# DATASET SECTION
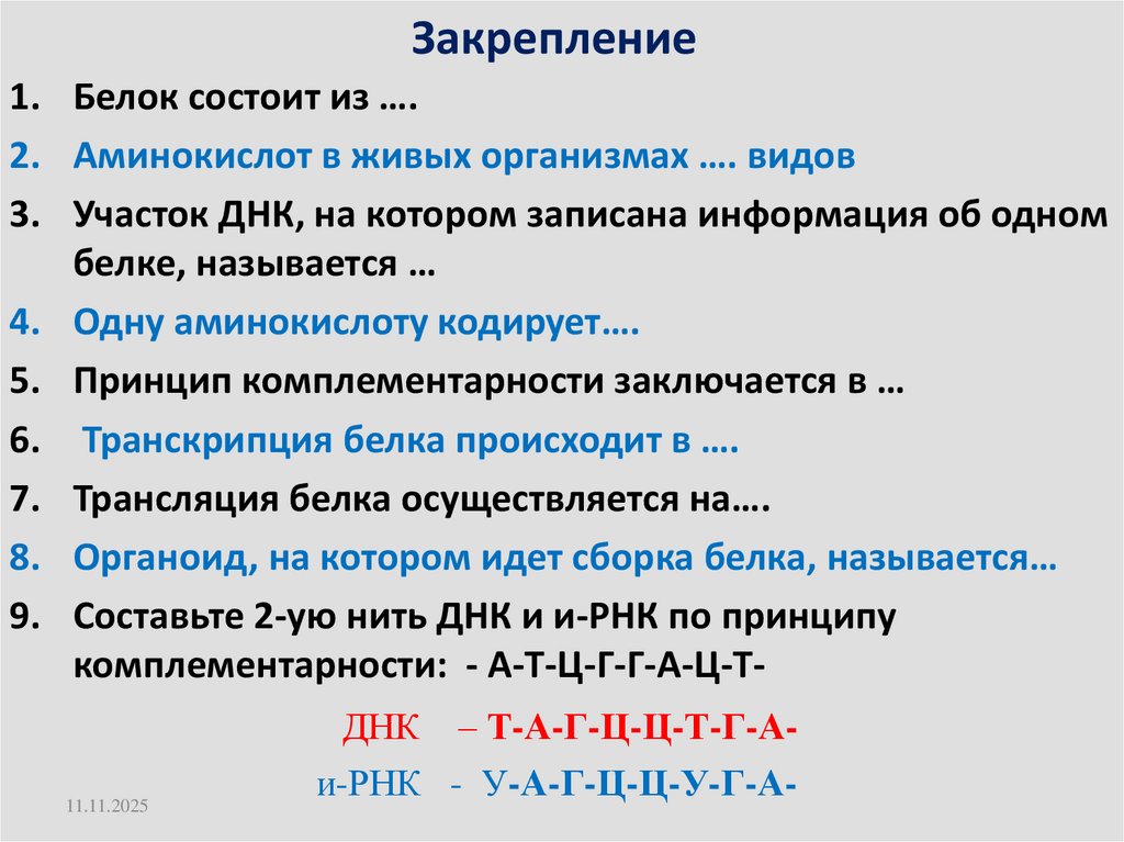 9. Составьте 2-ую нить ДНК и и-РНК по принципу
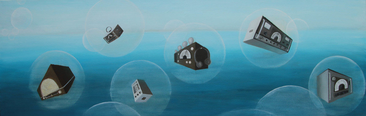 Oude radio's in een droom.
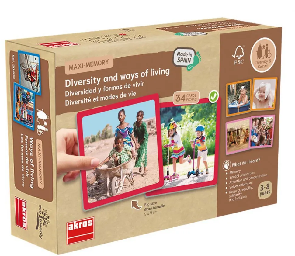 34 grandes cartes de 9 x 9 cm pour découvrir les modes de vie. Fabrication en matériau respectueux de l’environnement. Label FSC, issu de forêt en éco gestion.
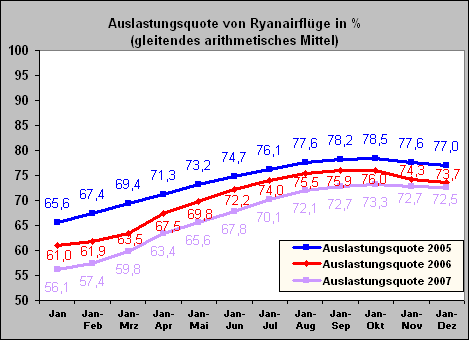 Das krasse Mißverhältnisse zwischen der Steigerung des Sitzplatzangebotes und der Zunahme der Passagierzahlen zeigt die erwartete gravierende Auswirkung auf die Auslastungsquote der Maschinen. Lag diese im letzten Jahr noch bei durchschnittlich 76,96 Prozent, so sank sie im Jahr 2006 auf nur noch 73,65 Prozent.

# TASK ITEM
Repeat the line that contains "34 grandes cartes" and each line after it, through the last line of the listing, exactly and alone; pictures stay out of the repeat.

# REPLY
 34 grandes cartes de 9 x 9 cm pour découvrir les modes de vie. Fabrication en matériau respectueux de l’environnement. Label FSC, issu de forêt en éco gestion.
 Das krasse Mißverhältnisse zwischen der Steigerung des Sitzplatzangebotes und der Zunahme der Passagierzahlen zeigt die erwartete gravierende Auswirkung auf die Auslastungsquote der Maschinen. Lag diese im letzten Jahr noch bei durchschnittlich 76,96 Prozent, so sank sie im Jahr 2006 auf nur noch 73,65 Prozent.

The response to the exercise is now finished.